The first thing that you might want to do in the prep() function is to translate the specification listed in the terms argument to column names in the current data. There is an internal function called terms_select() that can be used to obtain this.

prep.step_percentile <- function(x, training, info = NULL, ...) {
  col_names <- terms_select(terms = x$terms, info = info) 
}

After this function call, it is a good idea to check that the selected columns have the appropriate type (e.g. numeric for this example). See recipes::check_type() to do this for basic types.

Once we have this, we can save the approximation grid. For the grid, we will use a helper function that enables us to run rlang::exec() to splice in any extra arguments contained in the options list to the call to quantile():

get_train_pctl <- function(x, args = NULL) {
  res <- rlang::exec("quantile", x = x, !!!args)
  # Remove duplicate percentile values
  res[!duplicated(res)]
}

# For example:
get_train_pctl(biomass_tr$carbon, list(probs = 0:1))
#>   0% 100% 
#> 14.6 97.2
get_train_pctl(biomass_tr$carbon)
#>   0%  25%  50%  75% 100% 
#> 14.6 44.7 47.1 49.7 97.2

Now, the prep() method can be created:

prep.step_percentile <- function(x, training, info = NULL, ...) {
  col_names <- terms_select(terms = x$terms, info = info) 
  ## You can add error trapping for non-numeric data here and so on. 
  
  ## We'll use the names later so
  if (x$options$names == FALSE) {
    rlang::abort("`names` should be set to TRUE")
  }
  
  if (!any(names(x$options) == "probs")) {
    x$options$probs <- (0:100)/100
  } else {
    x$options$probs <- sort(unique(x$options$probs))
  }
  
  # Compute percentile grid
  ref_dist <- purrr::map(training[, col_names],  get_train_pctl, args = x$options)

  ## Use the constructor function to return the updated object. 
  ## Note that `trained` is now set to TRUE
  
  step_percentile_new(
    terms = x$terms, 
    trained = TRUE,
    role = x$role, 
    ref_dist = ref_dist,
    options = x$options,
    skip = x$skip,
    id = x$id
  )
}

We suggest favoring rlang::abort() and rlang::warn() over stop() and warning(). The former can be used for better traceback results.

Create the bake method

Remember that the prep() function does not apply the step to the data; it only estimates any required values such as ref_dist. We will need to create a new method for our step_percentile() class. The minimum arguments for this are

function(object, new_data, ...)

where object is the updated step function that has been through the corresponding prep() code and new_data is a tibble of data to be processed.

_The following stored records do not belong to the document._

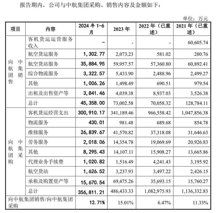 说明书显示,2023年和2024年上半年,国货航向中航集团销售额分别为7.3亿元和4.54亿元,向中航集团采购额分别为48.64亿元和35.68亿元。
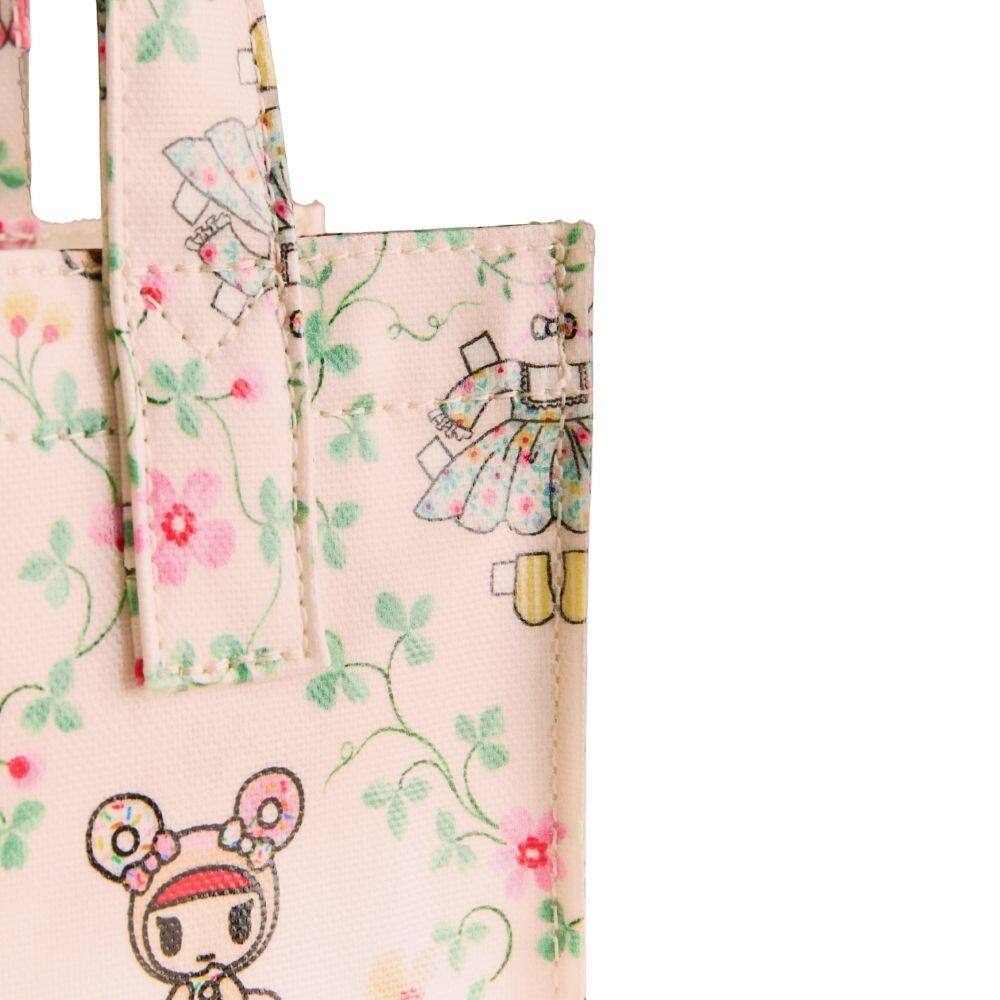 A charming piece from the Cath Kidston x Tokidoki collaboration, this small bookbag features the whimsical Paper Dresses print. It is a mini, convenient version of Cath Kidston’s original bookbag silhouette, perfect for carrying your essentials. The design showcases the Tokidoki characters, including Donutella, Chocotella and Dolce placed among a lattice of delicate pink blossoms. Their miniature Cath Kidston dresses with pretty patterns hang ready to be chosen, creating a playful and sweet scene. Crafted from shiny coated cotton, this joyful style is complete with two comfortable grab handles.
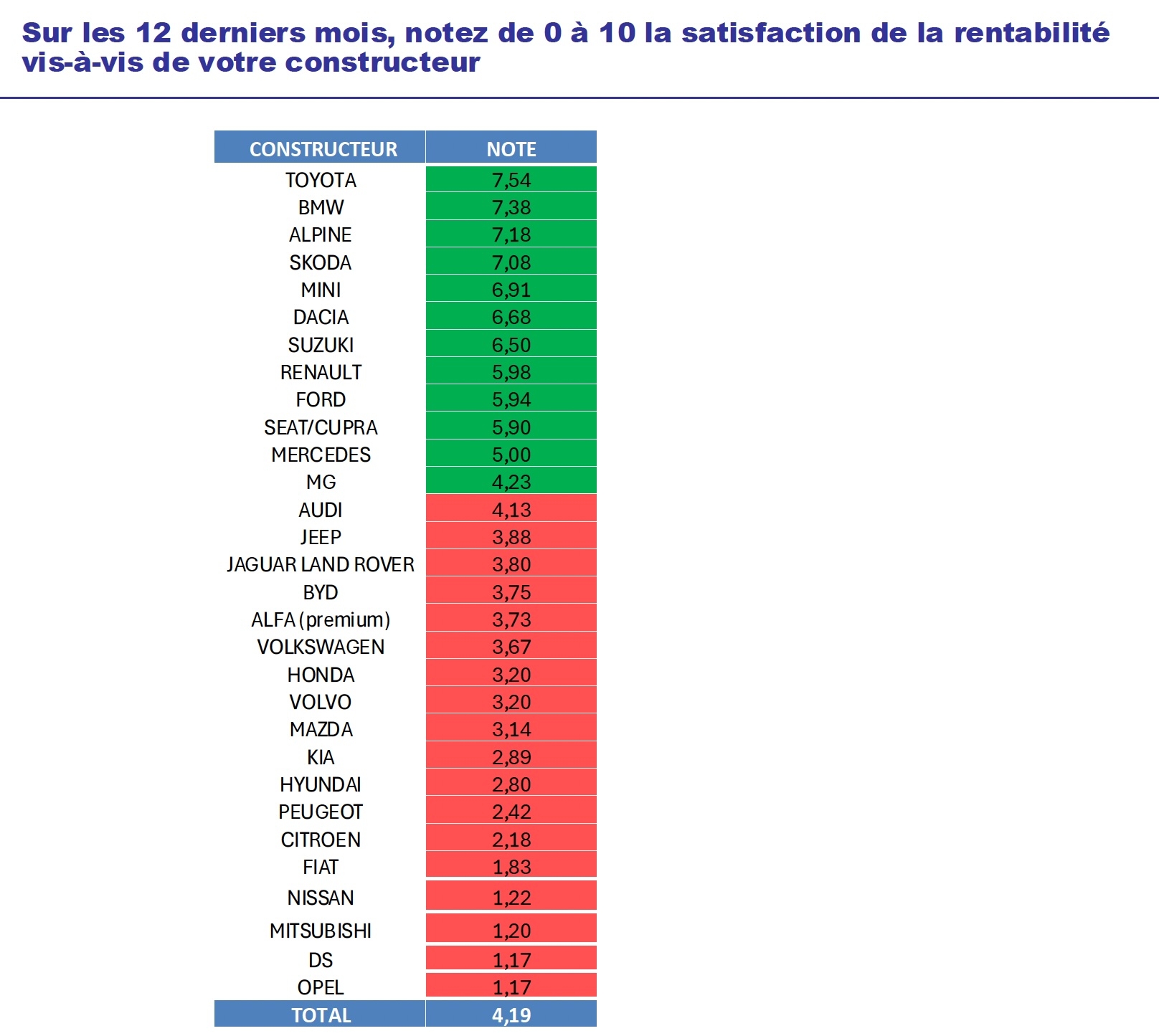 Il est aussi intéressant de noter que MG, marque dans laquelle les concessionnaires français déclaraient vouloir investir il y a quelques années, n’est plus aussi bien perçu aujourd’hui. Alors que le constructeur du groupe SAIC a étendu son réseau à un très bon niveau, les répondants ne sont plus que 3,6 % à vouloir investir dans cette marque. Les professionnels de la vente travaillant avec MG ne sont que 10 % à être « confiants dans l’avenir de la marque » et MG n’obtient plus que 4,35 % de note générale dans la Cote d’Amour (4,23 pour la rentabilité).
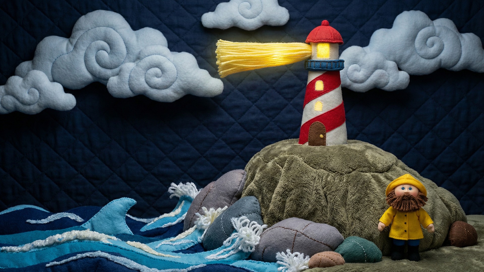 In the style of the Cabbage Patch Kids dolls. All characters and elements must be in the style of Cabbage Patch Kids dolls. A solitary lighthouse standing on a rocky island at night, waves crashing violently against the rocks below. Dark stormy clouds fill the sky above. The lighthouse beam cuts through the darkness
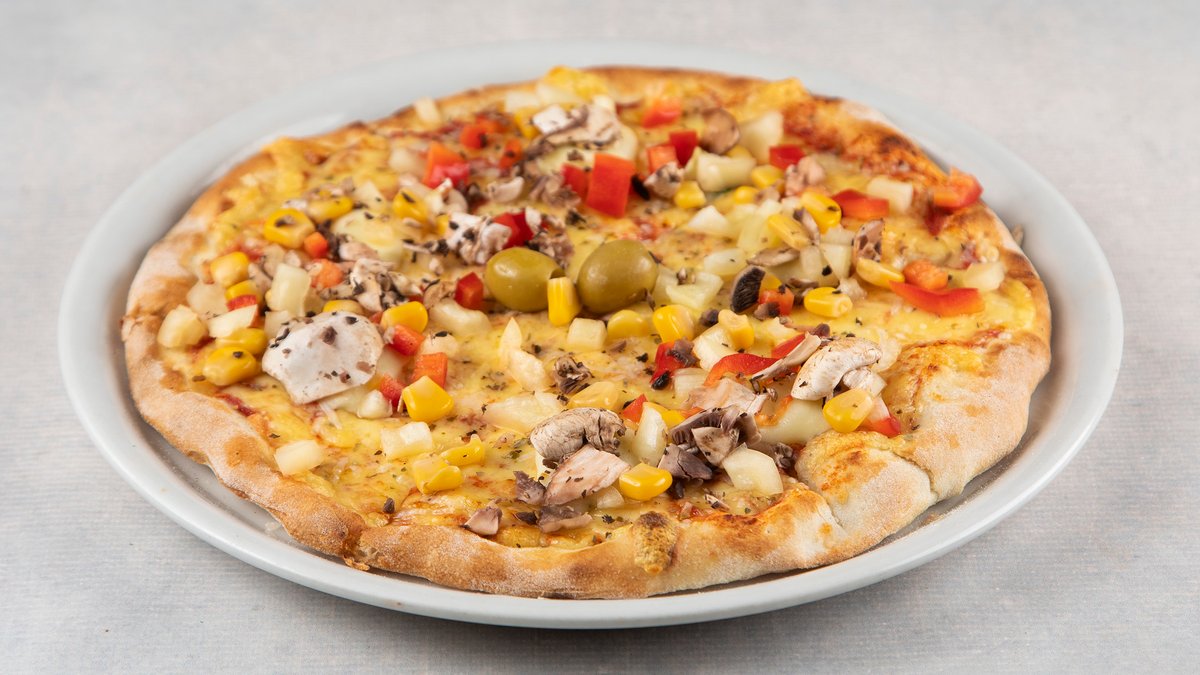 pelat, pečurke, paprika, kukuruz, kačkavalj, origano, masline
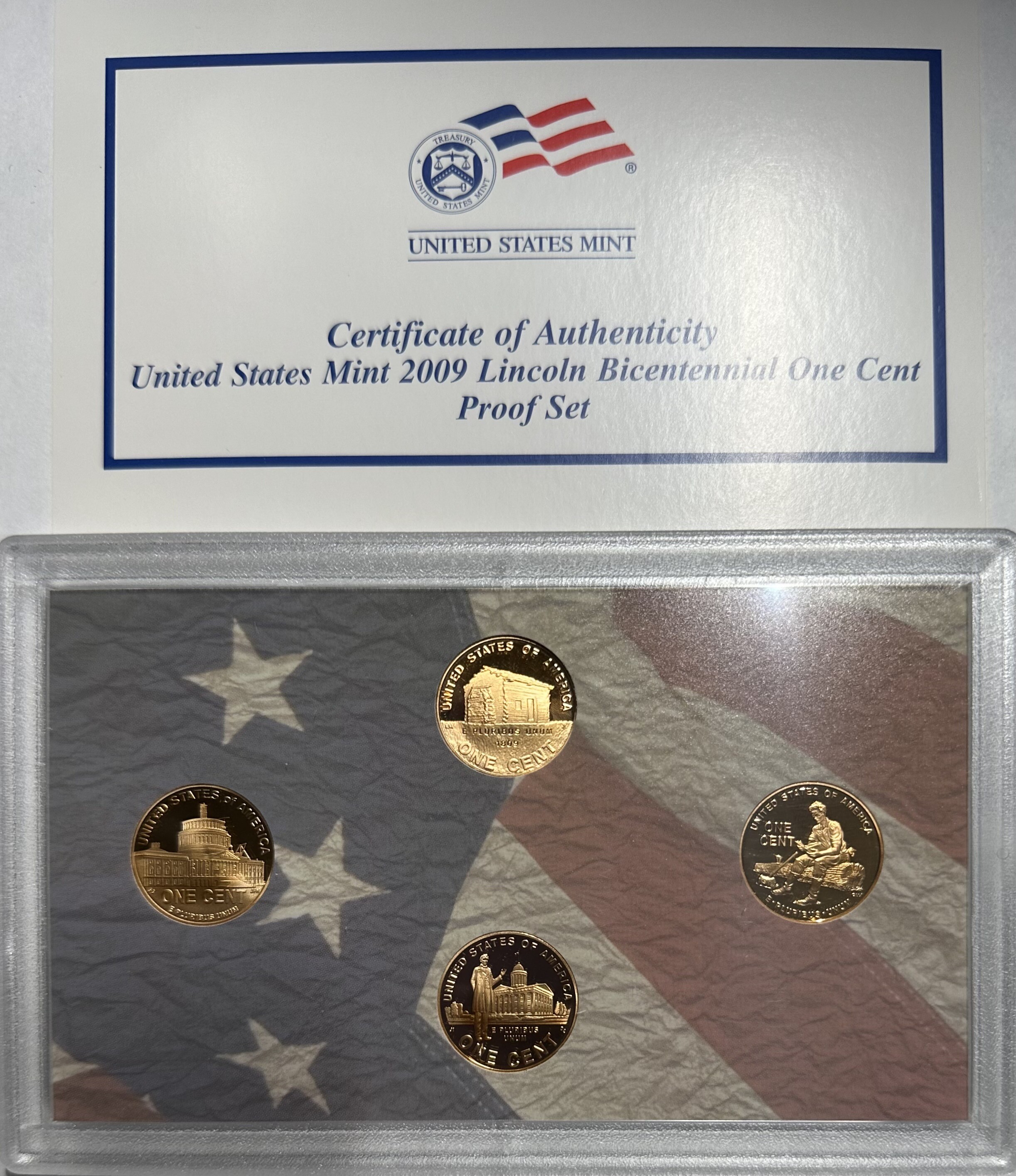 2009-S U.S. Mint Lincoln Bicentennial One Cent Proof Set - 4 Coins in Original Mint Packaging with COA
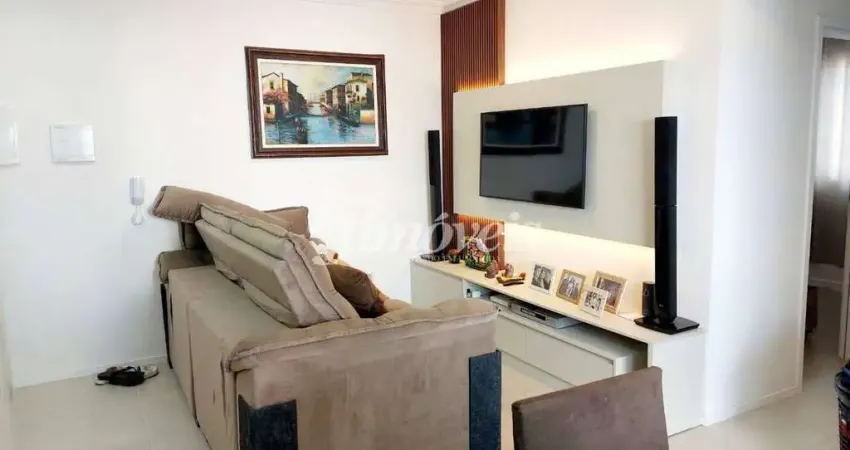Apartamento ensolarado com 1 suíte e 1 quarto, sala de tv e cozinha integradas, área de serviço, sacada com churrasqueira a carvão, 1 vaga de garagem.

Here is the code to convert the new data to percentiles. The input data (x below) comes in as a numeric vector and the output is a vector of approximate percentiles:

pctl_by_approx <- function(x, ref) {
  # In case duplicates were removed, get the percentiles from
  # the names of the reference object
  grid <- as.numeric(gsub("%$", "", names(ref))) 
  approx(x = ref, y = grid, xout = x)$y/100
}

These computations are done column-wise using purrr::map2_dfc() to modify the new data in-place:

bake.step_percentile <- function(object, new_data, ...) {
  ## For illustration (and not speed), we will loop through the affected variables
  ## and do the computations
  vars <- names(object$ref_dist)
  
  new_data[, vars] <-
    purrr::map2_dfc(new_data[, vars], object$ref_dist, pctl_by_approx)
  
  ## Always convert to tibbles on the way out
  tibble::as_tibble(new_data)
}

Run the example

Let’s use the example data to make sure that it works:

rec_obj <- 
  recipe(HHV ~ ., data = biomass_tr) %>%
  step_percentile(ends_with("gen")) %>%
  prep(training = biomass_tr)

biomass_te %>% select(ends_with("gen")) %>% slice(1:2)
#>   hydrogen oxygen nitrogen
#> 1     5.67   47.2     0.30
#> 2     5.50   48.1     2.85
bake(rec_obj, biomass_te %>% slice(1:2), ends_with("gen"))
#> # A tibble: 2 x 3
#>   hydrogen oxygen nitrogen
#>      <dbl>  <dbl>    <dbl>
#> 1     0.45  0.903    0.21 
#> 2     0.38  0.922    0.928

# Checking to get approximate result: 
mean(biomass_tr$hydrogen <= biomass_te$hydrogen[1])
#> [1] 0.452
mean(biomass_tr$oxygen   <= biomass_te$oxygen[1])
#> [1] 0.901

The plot below shows how the original hydrogen percentiles line up with the estimated values:

hydrogen_values <- 
  bake(rec_obj, biomass_te, hydrogen) %>% 
  bind_cols(biomass_te %>% select(original = hydrogen))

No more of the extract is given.